Слова кардиолога настолько испугали Генри, что, приехав домой, он сразу же принялся вспоминать тех представителей сильного пола, кто по необходимости живет без женщин, причем в гораздо более суровых условиях, чем он сам: мужчины в тюрьме, мужчины на войне… но вскоре опять представил себе Венди, принимавшую разнообразные позы, для того чтобы он мог в нее войти всевозможными способами, когда у него еще была эрекция; видя ее образ перед собой, он желал ее так же жадно, как мечтает о женщине преступник, сидящий в одиночной камере, только он не мог прибегнуть к дикарской, стремительной разрядке, которая окончательно сводит с ума заключенного в одиночке. Он вспомнил о том времени, когда легко обходился без женщин, — маленький мальчик в допубертатном периоде, — был ли он когда-либо более счастлив, чем в те далекие сороковые годы, в те летние месяцы на побережье? Представь, что тебе снова одиннадцать… Но это не срабатывало. Во всяком случае, это было не лучше, чем представлять себя заключенным, отбывающим срок в тюрьме Синг-Синг. Он вспомнил об ужасных, неконтролируемых страстях, вызванных необузданным желанием: сумасшествие горячечного бреда, жестокие страдания и мечты о предмете своего вожделения, а когда одна из красоток становится тайной любовницей — плетение интриг, тревога и обман. Наконец он снова станет верным мужем для Кэрол. Ему никогда не придется лгать своей жене — теперь незачем будет лгать. Ничего не осталось. И он, и Кэрол снова будут наслаждаться простыми, честными и доверительными отношениями в браке — такими, какими они были до того мгновения, пока в его кабинете не появилась Мария, чтобы починить зубную коронку.
Когда он впервые увидел ее, его настолько потрясло ее шелковистое зеленое платье, бирюзовые глаза и европейская утонченность, что он едва мог вести с ней связную беседу на профессиональные темы, в чем обычно преуспевал, даже не помышляя о флирте, пока Мария сидела в его зубоврачебном кресле, послушно открыв рот Судя по тем формальным отношениям, сложившимся у них во время ее четырех визитов, он и представить себе не мог, что по прошествии десяти месяцев, как раз накануне возвращения в Базель, Мария признается ему: «Я никогда раньше не думала, что смогу любить двух мужчин одновременно».

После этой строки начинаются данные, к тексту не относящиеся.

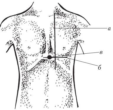 а срединно-ключичная линия, б линия, проходящая через пятое межреберье, в зона расположения верхушечного толчка

Он и представить не мог, что их расставание окажется таким трагичным, — ощущения были настолько новы для обоих, что даже супружеская измена стала для них девственно-непорочным актом. Генри никогда и в голову не приходило, пока Мария не сказала ему об этом, что мужчина с его внешними данными может переспать практически с любой мало-мальски привлекательной женщиной в городе. Его никогда не обуревало тщеславие по поводу своих сексуальных подвигов, и по натуре он был глубоко застенчив; несмотря на молодость, он уже успел привыкнуть к тому, что им управляют чувства приличия, усвоенные с юных лет, и он никогда не задавал себе серьезных вопросов по поводу морали. Обычно дело обстояло так: чем привлекательнее была женщина, тем сдержанней вел себя Генри; при появлении незнакомки, которую он считал исключительно желанной, он замыкался в себе, становился безнадежно унылым занудой, теряя всю свою непосредственность, и часто заливался густой краской, если ему выпадала возможность быть представленным новой гостье. Вот таким он был когда-то — верным мужем и хорошим семьянином; вот почему он стал верным мужем и хорошим семьянином. А теперь он снова был обречен на супружескую верность.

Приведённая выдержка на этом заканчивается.